Он не дал убежать – еще крепче сжал пальцы, притянул к себе.
– Это вы меня, дурака, простите, что я вас спросил. – Серые, с искорками, глаза были близко-близко. И было в них столько сострадания и теплоты, что руки как-то сами собой обняли его за шею. Такого доброго, большого, сильного.
– Если б вы знали… как невыносимо… как тяжело!
– Ниночка, Ниночка, не плачьте… не плачь… бедная ты моя… красивая моя…
3
Опять мела метель, и, выбежав из дверей Почтамта, она сразу увидела, как в вихре снежинок, стряхивая кожаной перчаткой снег с погон, прохаживается по тротуару статный военный с чемоданчиком в руке. Заметил – просиял, милый, и кинулся вверх по ступенькам:
– Ниночка! – Стал целовать, никого не стесняясь. – Ненаглядная моя!
– Ленечка, неудобно. Кругом люди.
– Имею полное право! Ты же моя жена! – Ленечка все-таки отстранился, но еще долго-долго смотрел в глаза, потом снова настойчиво обнял за плечи. – Нин, давай в ресторан пойдем, отметим нашу свадьбу?
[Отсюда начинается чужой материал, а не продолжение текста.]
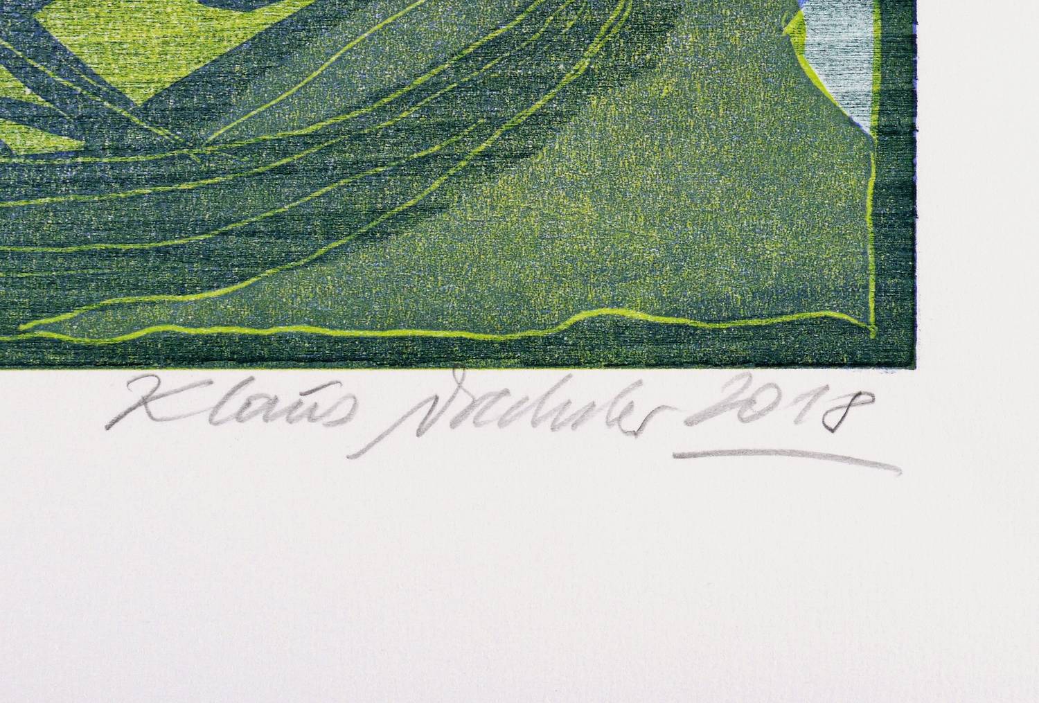 2018. Farbholzschnitt, mit Pochoir, in 3 Farben, auf weißem Zerkall. – Originale Künstlergrafik, von Klaus Drechsler. – Auflage Exemplar Nr. 7/8. – 27,3 x 44,6 cm (Darstellung / Druckbild), 39 x 54 cm (Blatt).

– Ты прости, пожалуйста, но я не одета. Пойдем домой, хорошо?
– Есть, товарищ командир! – Конечно же, он сразу согласился, лукаво подмигнул, а она, кажется, густо покраснела.
Три сумасшедшие ночи они спали – почти что не спали – на полу, возле еле теплой батареи, потому что вдвоем с плотным Ленечкой никак не умещались на узкой кушетке за шкафом. Накидали на пол все, что было, извлекли и ветхие, потраченные молью пальто со дна бабушкиного сундука. Получилось на удивление удобно и мягко, но она все равно не могла сомкнуть глаз, взволнованная незнакомой близостью жаркого мужского тела, запахом табака, легким похрапыванием, и боялась пошевельнуться, чтобы не нарушить Ленечкин по-фронтовому чуткий сон.
«Бабушкины пальтишки» так и лежат на полу, словно только и ждут, когда ворвется нетерпеливый Ленечка, быстро закроет изнутри дверь на витой длинный ключ и подхватит на руки свою счастливую, смеющуюся жену.
– Подожди, подожди!
– Ждать после будешь, когда уеду!..
Любит ли она своего милого Ленечку, она и сама еще разобраться не может. Все произошло так неожиданно, так стремительно! И что, в сущности, она знает о любви? В кого могла влюбиться? Мальчики из двора и школы, те, кто был постарше, ушли в ополчение и почти все погибли. Как же их жалко! И ровесники уже воюют.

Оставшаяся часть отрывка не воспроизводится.